On ne peut pas tous les jours aller chez Frachot ou Derbord. Pourtant, ça nous conviendrait bien, même si cela impliquait que le monde entier crève la dalle autour de nous. C’est ainsi. Life is a bitch. Et puisque, malgré tout, il te faut des nutriments et en particulier un ratio imposant de protéines, Sparse ne lâche pas le bout de gras et te propose une fois de plus de pisser à la raie de tous les vegans, en particulier les plus rageux et donneurs de leçon. Bref, on est allés à la Braserade.
La situation-même de l’établissement correspond à son concept : un peu à l’écart, pas très loin du char de l’avenue du Drapeau, discret, mais blindé. Blindé de monde : les quatre fois où je m’y suis rendu les douze dernières années, il était toujours plus ou moins complet. Une foule bigarrée d’individus -dont certains exhibent ostensiblement leur goût immodéré pour le rugby- compose plutôt bruyamment avec une déco quelque peu montagnarde. Un peu comme là où tu vas pour bouffer ta raclette, à la foire gastro. Si, assume, on sait que tu y vas pour acheter ton balai vert fluo.
Le dispositif phare du lieu est en lui-même un sujet de curiosité pour une ville comme Dijon, où les restos ne se battent pas non plus pour proposer des concepts un peu différents : un gros braséro sera déposé sur votre table, c’est-à-dire, pour les putain d’incultes, un espèce de caquelon à charbon, sur lequel tes grillades souffriront comme toi bientôt en enfer.

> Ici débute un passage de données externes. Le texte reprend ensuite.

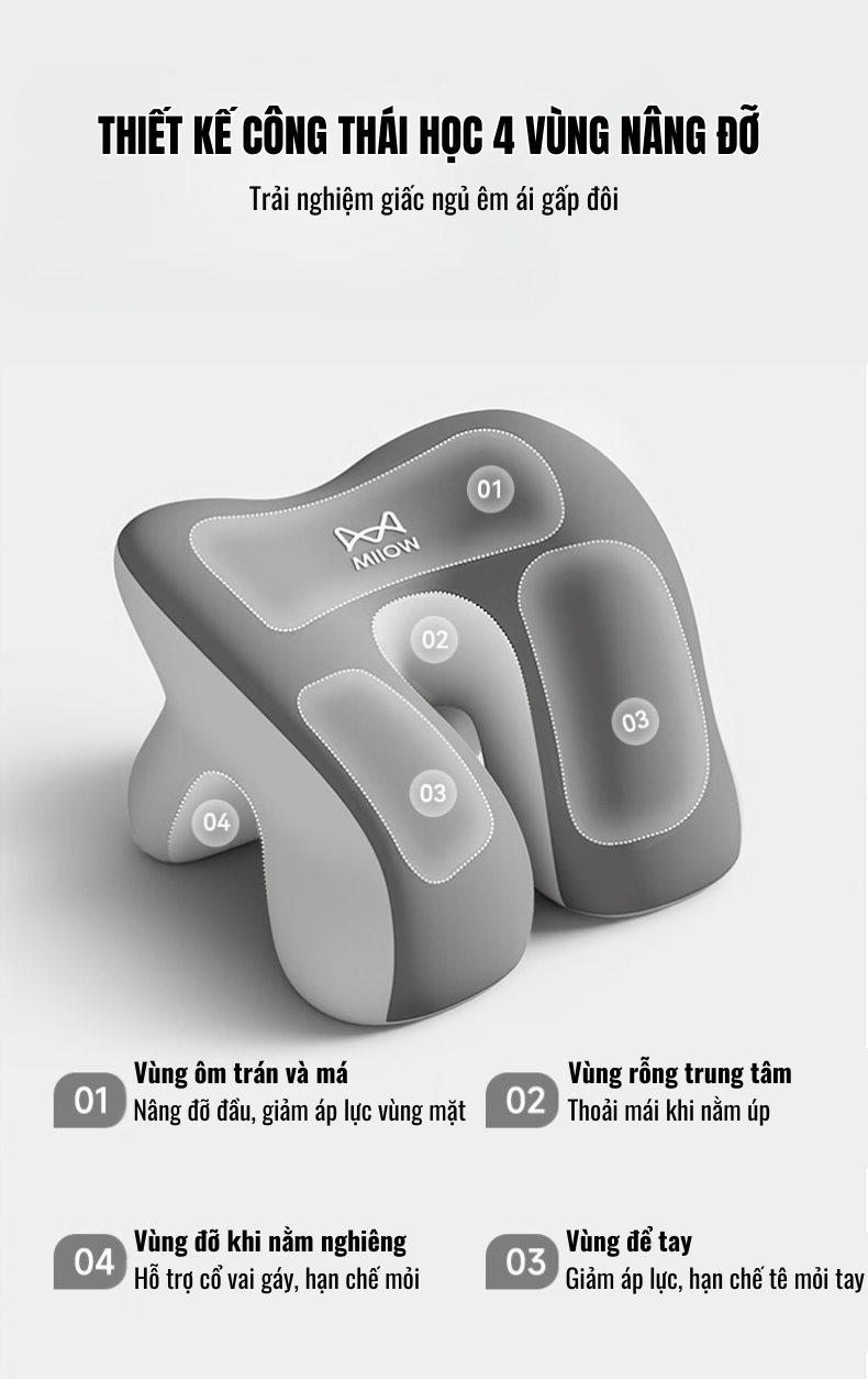 Vùng 1 (Ôm trán và má): Nâng đỡ đầu, giúp giảm áp lực lên vùng mặt khi ngủ úp hoặc nghiêng.

Bien sûr, la chaleur n’est pas forcément très agréable et tu risques fort de sentir le graillon en ressortant. Mais cela reste supportable.
Là où le bât blesse, c’est au niveau des viandes. Certes, elles sont de qualité relativement correctes, mais on ne peut pas dire qu’elles soient particulièrement originales : boeuf, poulet, dinde… et pour les plus aventureux chipolatas, lard, voire foie. Pas de quoi se pâmer franchement de plaisir. Heureusement que de l’agneau est proposé, permettant tout de même de relever le niveau. La viande cuit très rapidement. Ce qui implique, au bout d’un certain moment, de rappeler le serveur pour lui redemander de la graille. Là aussi, petit souci : les membres de l’établissement, eux, sont raisonnables, et ne vous rapportent que de toutes petites assiettes de viandasse. Le message est clair : certes, c’est « à volonté », mais pas la vôtre, de volonté. Cela dit, deux rappels de bidoche devraient sincèrement suffire à affoler votre taux de mauvais gras sur les parois de vos artères, donc rassurez-vous. Petit message à l’équipe de serveurs, au demeurant fort sympathique : pourquoi apporter authentiquement ce panaché de sauces mayos si imposant ? Avez-vous vu vraiment certains clients n’en manger ne serait-ce que la moitié? Si je peux me permettre, misez davantage sur la qualité que sur la quantité : elles ont sensiblement le même goût et ne mettent pas vraiment les viandes en valeur, là où même Hassan, chez Cool +, donne vraiment de lui-même pour rendre sa sauce blanche savoureuse et singulière. Et puis pourquoi, quitte à vendre la bidoche plus chère, ne pas chercher à la faire mariner, à la chiader un peu ? Mais je comprends, vous ne vous foulez plus vraiment. C’est une recette qui marche, donc pas la peine de prendre des risques…
Comptez tout de même 23 euros pour le bordel, soit deux fois le budget bouffe des étudiants résidant à Mansart, chaque semaine. Fais tes comptes, ça fait un bon paquet de steack-frites au RU : à ne pas négliger. La Braserade vous proposera également deux sortes de fondues de viandes, alternatives, qui peut s’avérer également appréciable. Dans le même genre…
La carte intègre un nombre conséquent de digestifs – de la poire, de la prune, mais aussi des hard liquors à la fraise des bois et à la framboise vouées à dissoudre toutes ces parties d’animaux que vous avez intégrées à votre carcasse, sans aucun égard pour l’écosystème. Pour résumer, et comme vous vous en doutiez, voilà un petit restaurant sans prétention, qui mise avant tout sur la convivialité. On vous le recommande pour une soirée entre potes ventripotents, le lieu étant par ailleurs assez bruyant.